**What you are asked to do:**
The whole listing is to be written out again exactly; the pictures are not.
Excerpted data START
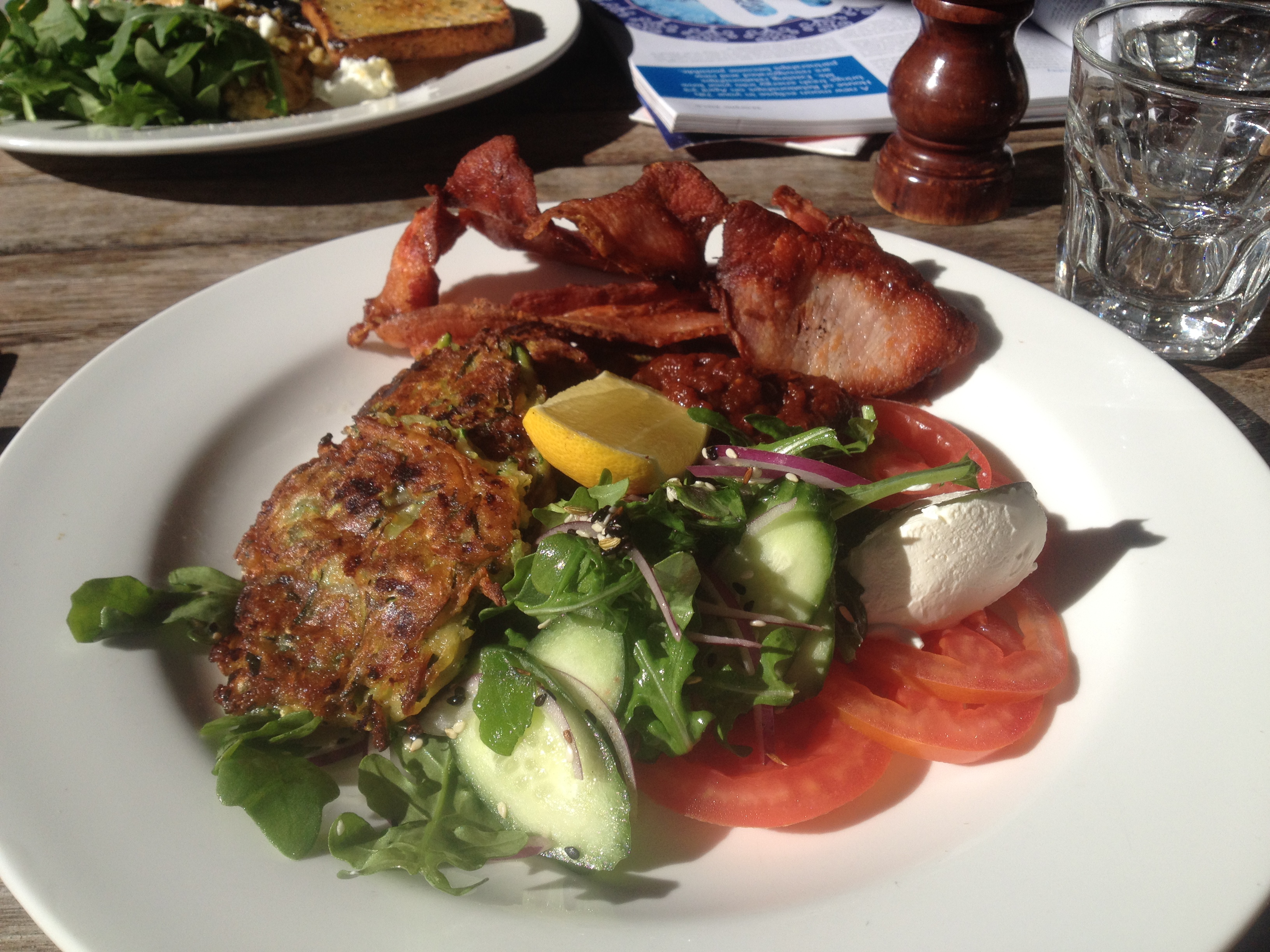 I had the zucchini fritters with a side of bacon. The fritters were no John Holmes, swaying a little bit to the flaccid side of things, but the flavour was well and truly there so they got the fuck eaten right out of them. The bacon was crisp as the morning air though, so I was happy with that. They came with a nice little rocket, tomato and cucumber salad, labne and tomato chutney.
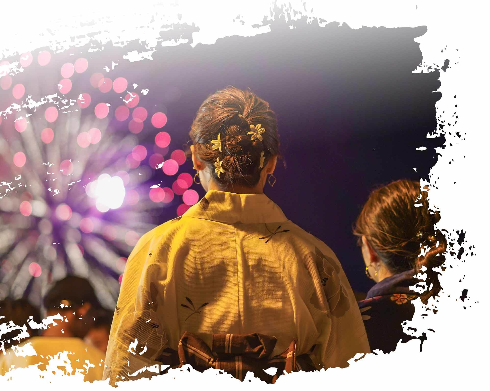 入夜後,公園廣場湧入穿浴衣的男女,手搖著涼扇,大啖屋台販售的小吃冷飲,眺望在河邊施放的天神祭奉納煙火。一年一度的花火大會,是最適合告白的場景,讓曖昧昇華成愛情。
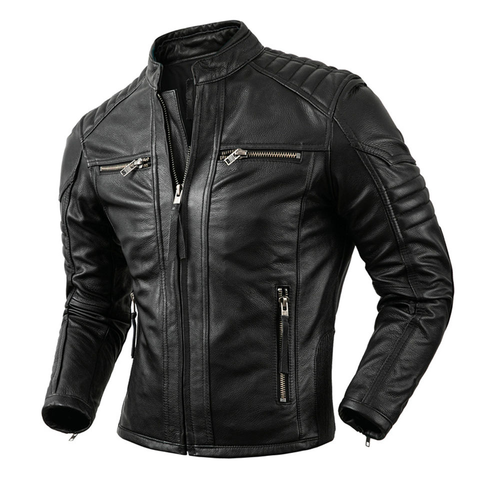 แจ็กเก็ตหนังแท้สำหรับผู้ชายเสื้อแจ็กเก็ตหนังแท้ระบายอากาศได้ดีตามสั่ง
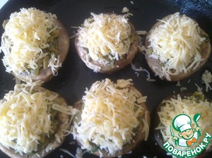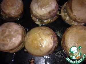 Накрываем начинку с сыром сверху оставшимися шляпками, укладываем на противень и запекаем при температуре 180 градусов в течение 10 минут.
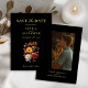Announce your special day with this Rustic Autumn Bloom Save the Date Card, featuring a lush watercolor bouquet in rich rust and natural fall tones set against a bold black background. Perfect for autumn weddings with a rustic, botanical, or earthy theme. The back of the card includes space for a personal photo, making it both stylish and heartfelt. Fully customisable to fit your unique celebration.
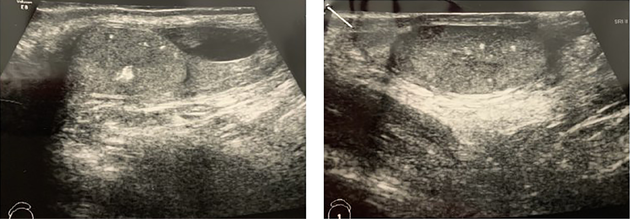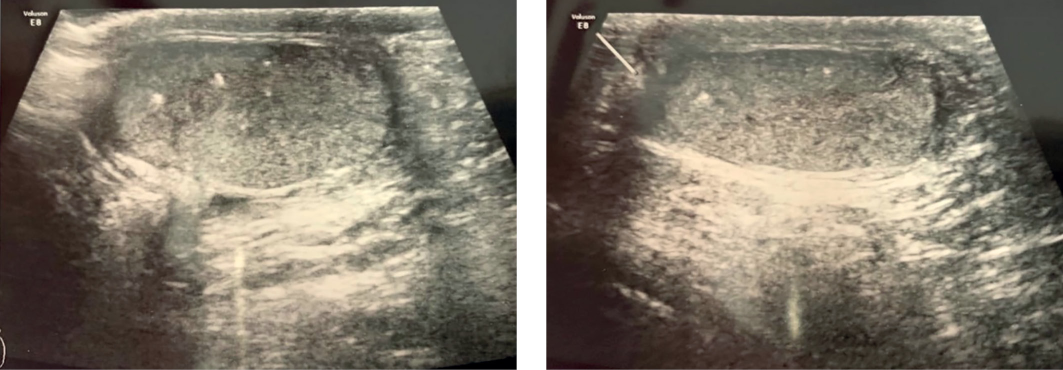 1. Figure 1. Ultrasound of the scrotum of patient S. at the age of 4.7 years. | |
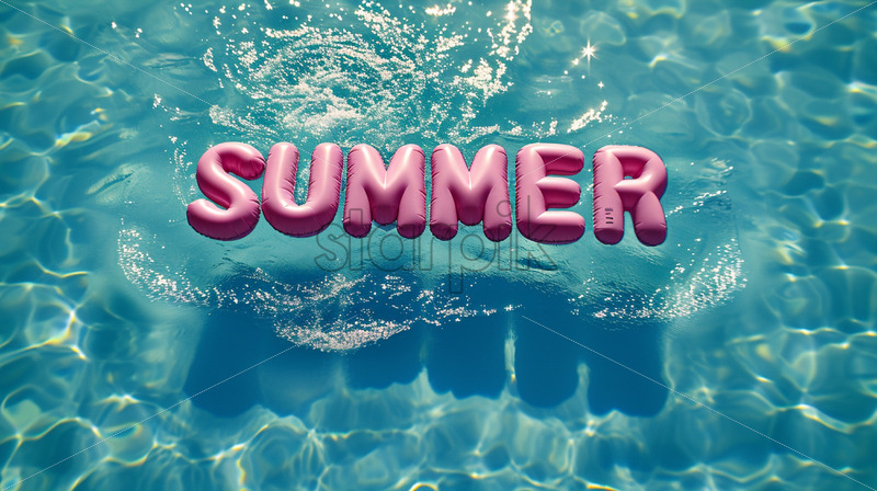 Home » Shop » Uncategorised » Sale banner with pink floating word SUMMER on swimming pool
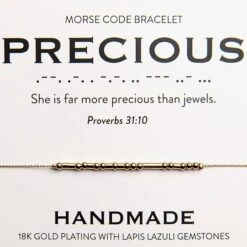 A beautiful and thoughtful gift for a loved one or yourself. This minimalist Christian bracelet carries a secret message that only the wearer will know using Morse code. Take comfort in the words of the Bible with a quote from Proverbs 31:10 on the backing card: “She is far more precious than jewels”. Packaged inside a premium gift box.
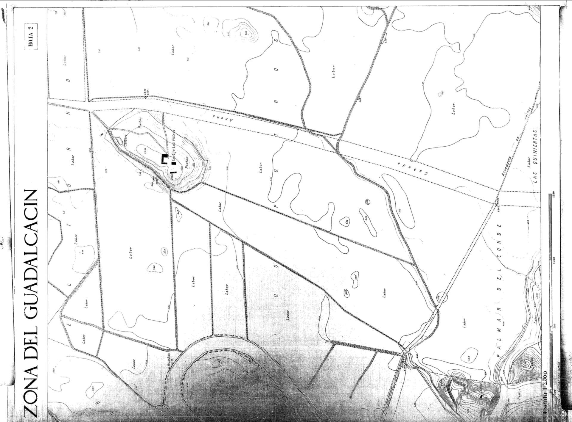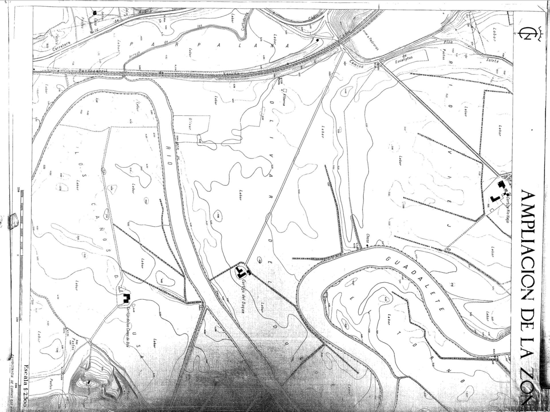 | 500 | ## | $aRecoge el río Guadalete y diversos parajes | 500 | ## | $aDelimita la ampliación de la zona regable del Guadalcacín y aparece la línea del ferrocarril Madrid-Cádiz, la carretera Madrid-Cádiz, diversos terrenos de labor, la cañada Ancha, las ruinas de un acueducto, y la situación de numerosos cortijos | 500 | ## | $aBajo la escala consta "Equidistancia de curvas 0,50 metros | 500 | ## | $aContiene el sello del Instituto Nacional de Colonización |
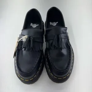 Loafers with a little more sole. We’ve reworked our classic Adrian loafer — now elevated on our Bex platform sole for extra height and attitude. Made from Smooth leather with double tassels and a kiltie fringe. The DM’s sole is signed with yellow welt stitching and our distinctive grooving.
Excerpted data END
**Completed task:**
 I had the zucchini fritters with a side of bacon. The fritters were no John Holmes, swaying a little bit to the flaccid side of things, but the flavour was well and truly there so they got the fuck eaten right out of them. The bacon was crisp as the morning air though, so I was happy with that. They came with a nice little rocket, tomato and cucumber salad, labne and tomato chutney.
 入夜後,公園廣場湧入穿浴衣的男女,手搖著涼扇,大啖屋台販售的小吃冷飲,眺望在河邊施放的天神祭奉納煙火。一年一度的花火大會,是最適合告白的場景,讓曖昧昇華成愛情。
 แจ็กเก็ตหนังแท้สำหรับผู้ชายเสื้อแจ็กเก็ตหนังแท้ระบายอากาศได้ดีตามสั่ง
 Накрываем начинку с сыром сверху оставшимися шляпками, укладываем на противень и запекаем при температуре 180 градусов в течение 10 минут.
Announce your special day with this Rustic Autumn Bloom Save the Date Card, featuring a lush watercolor bouquet in rich rust and natural fall tones set against a bold black background. Perfect for autumn weddings with a rustic, botanical, or earthy theme. The back of the card includes space for a personal photo, making it both stylish and heartfelt. Fully customisable to fit your unique celebration.
 1. Figure 1. Ultrasound of the scrotum of patient S. at the age of 4.7 years. | |
 Home » Shop » Uncategorised » Sale banner with pink floating word SUMMER on swimming pool
 A beautiful and thoughtful gift for a loved one or yourself. This minimalist Christian bracelet carries a secret message that only the wearer will know using Morse code. Take comfort in the words of the Bible with a quote from Proverbs 31:10 on the backing card: “She is far more precious than jewels”. Packaged inside a premium gift box.
 | 500 | ## | $aRecoge el río Guadalete y diversos parajes | 500 | ## | $aDelimita la ampliación de la zona regable del Guadalcacín y aparece la línea del ferrocarril Madrid-Cádiz, la carretera Madrid-Cádiz, diversos terrenos de labor, la cañada Ancha, las ruinas de un acueducto, y la situación de numerosos cortijos | 500 | ## | $aBajo la escala consta "Equidistancia de curvas 0,50 metros | 500 | ## | $aContiene el sello del Instituto Nacional de Colonización |
 Loafers with a little more sole. We’ve reworked our classic Adrian loafer — now elevated on our Bex platform sole for extra height and attitude. Made from Smooth leather with double tassels and a kiltie fringe. The DM’s sole is signed with yellow welt stitching and our distinctive grooving.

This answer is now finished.